Campaign Model: ETA Calculation
Add methods to calculate campaign estimated finish time (both current and total).
# app/models/campaign.rb
class Campaign < ApplicationRecord
# ... existing code ...
# Current attack ETA (only running attacks)
def current_eta
Rails.cache.fetch("#{cache_key_with_version}/current_eta", expires_in: 1.minute) do
calculate_current_eta
end
end
# Total campaign ETA (all incomplete attacks)
def total_eta
Rails.cache.fetch("#{cache_key_with_version}/total_eta", expires_in: 1.minute) do
calculate_total_eta
end
end
private
def calculate_current_eta
running_attacks = attacks.with_state(:running)
return nil if running_attacks.empty?
# Return the maximum ETA of all running attacks
etas = running_attacks.map(&:estimated_finish_time).compact
etas.max
end
def calculate_total_eta
incomplete_attacks = attacks.without_states(:completed, :exhausted)
return nil if incomplete_attacks.empty?
# Get estimated finish times for running attacks
running_etas = incomplete_attacks.with_state(:running).map(&:estimated_finish_time).compact
pending_count = incomplete_attacks.with_state(:pending).count
# If we have running attacks, convert ETAs to durations (seconds remaining)
if running_etas.any?
# Convert Time objects to durations (seconds from now)

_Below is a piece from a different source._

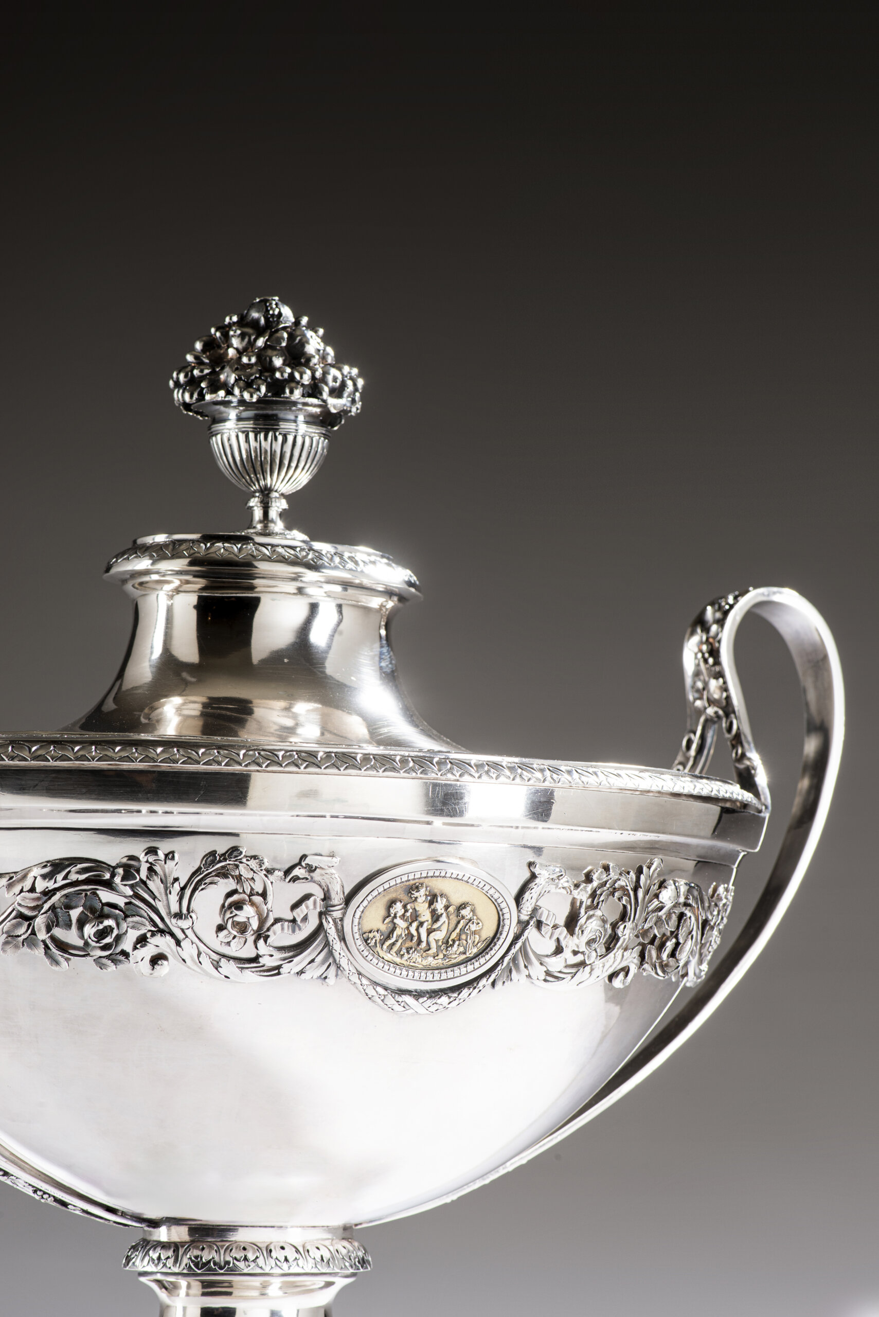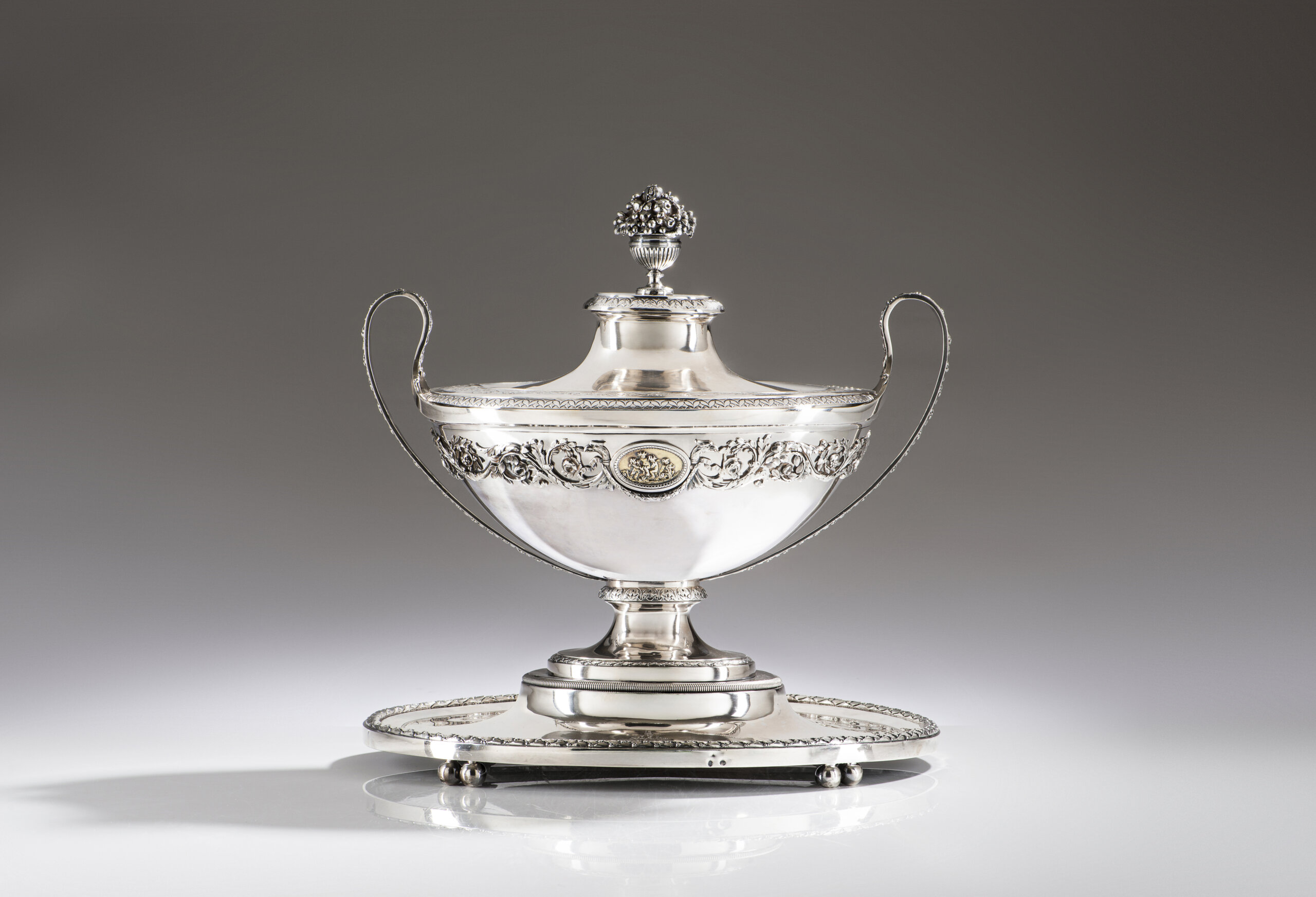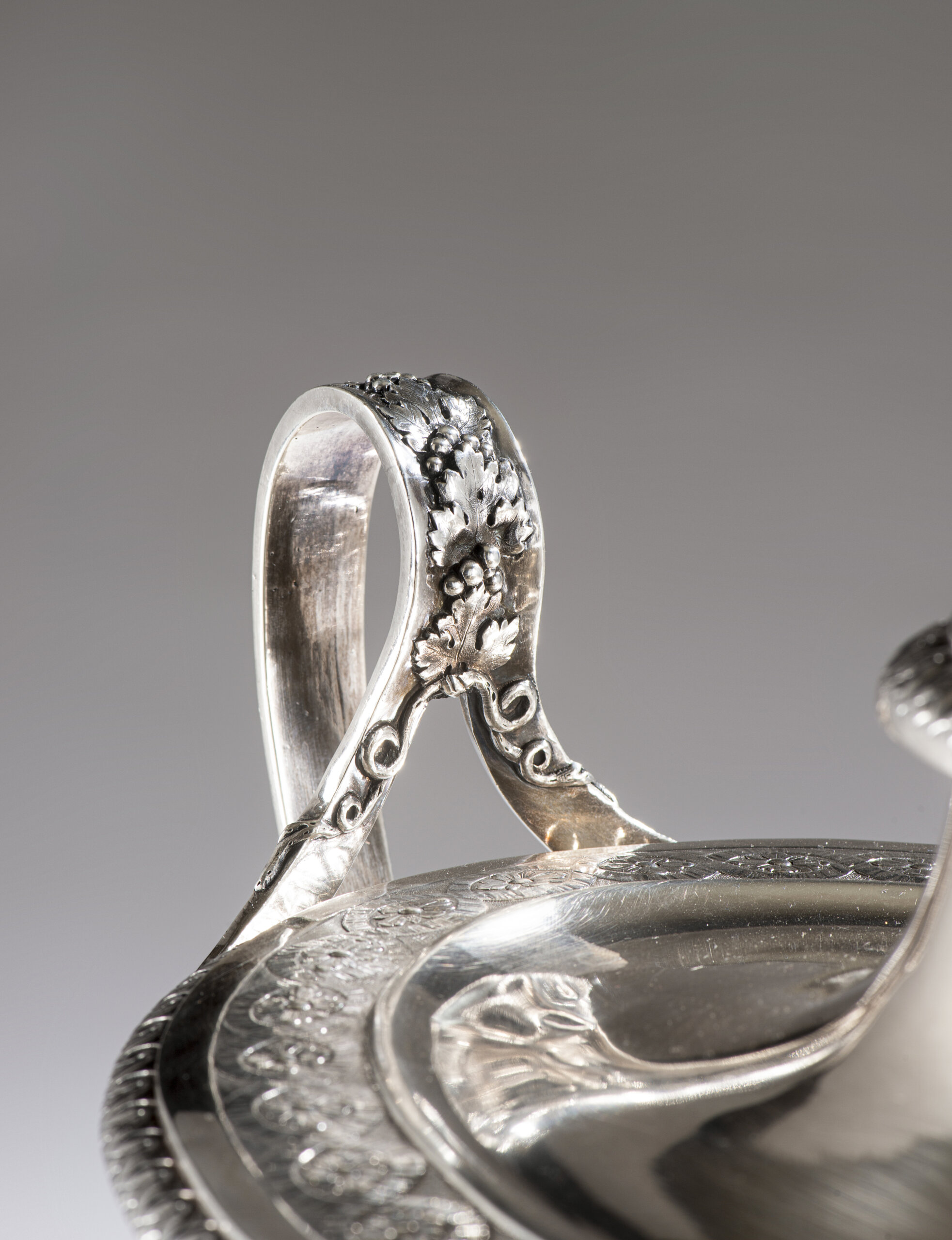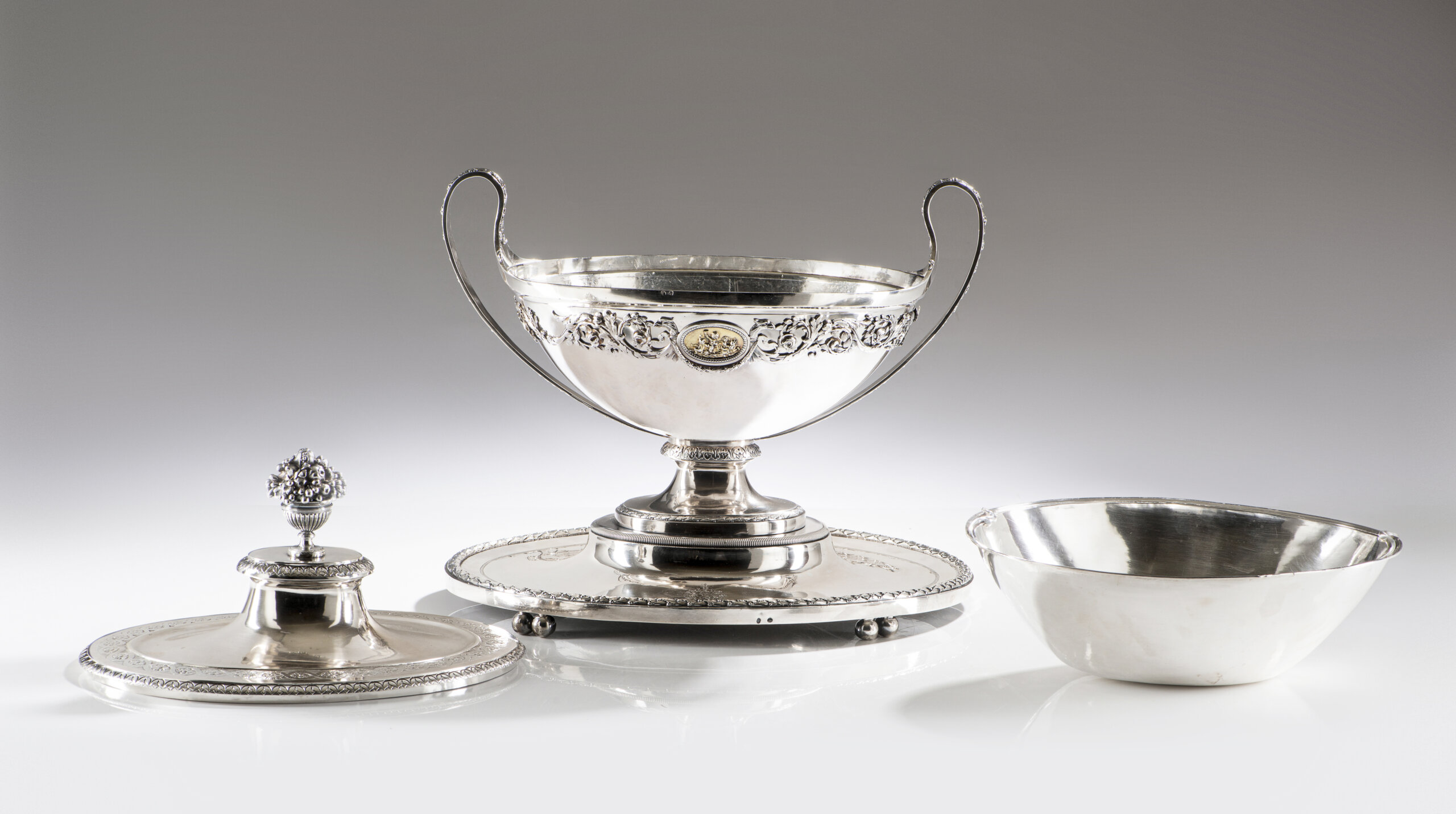 Pieces from this silver tableware set were presented at the Portuguese and French Goldsmithing Exhibition, held at the Fundação Ricardo Espírito Santo Silva in 1955. In the respective catalog, they were listed as works by the goldsmith Louis-Jean-Baptiste Cheret (1760-1832). At the 1934 exhibition at the Fundação Ricardo Espírito Santo, there was a sauceboat with an identical mark attributed to Louis-Cartier. It was sold at Christie's in the auction THE COLLECTION OF RITA ESPÍRITO SANTO as lot 49.

running_durations = running_etas.map { |t| (t - Time.current).to_f }.compact
avg_duration = running_durations.sum / running_durations.size
running_max_seconds = running_durations.max.to_f
# Total = max running duration + estimated time for all pending attacks
total_seconds = running_max_seconds + (pending_count * avg_duration)
Time.current + total_seconds.seconds
else
nil # Can't estimate without running attacks
end
end
end
Rationale: Showing both current and total ETA gives users a complete picture: "Current attack finishes in 2h, entire campaign finishes in 6h". This manages expectations better than showing only current attack ETA.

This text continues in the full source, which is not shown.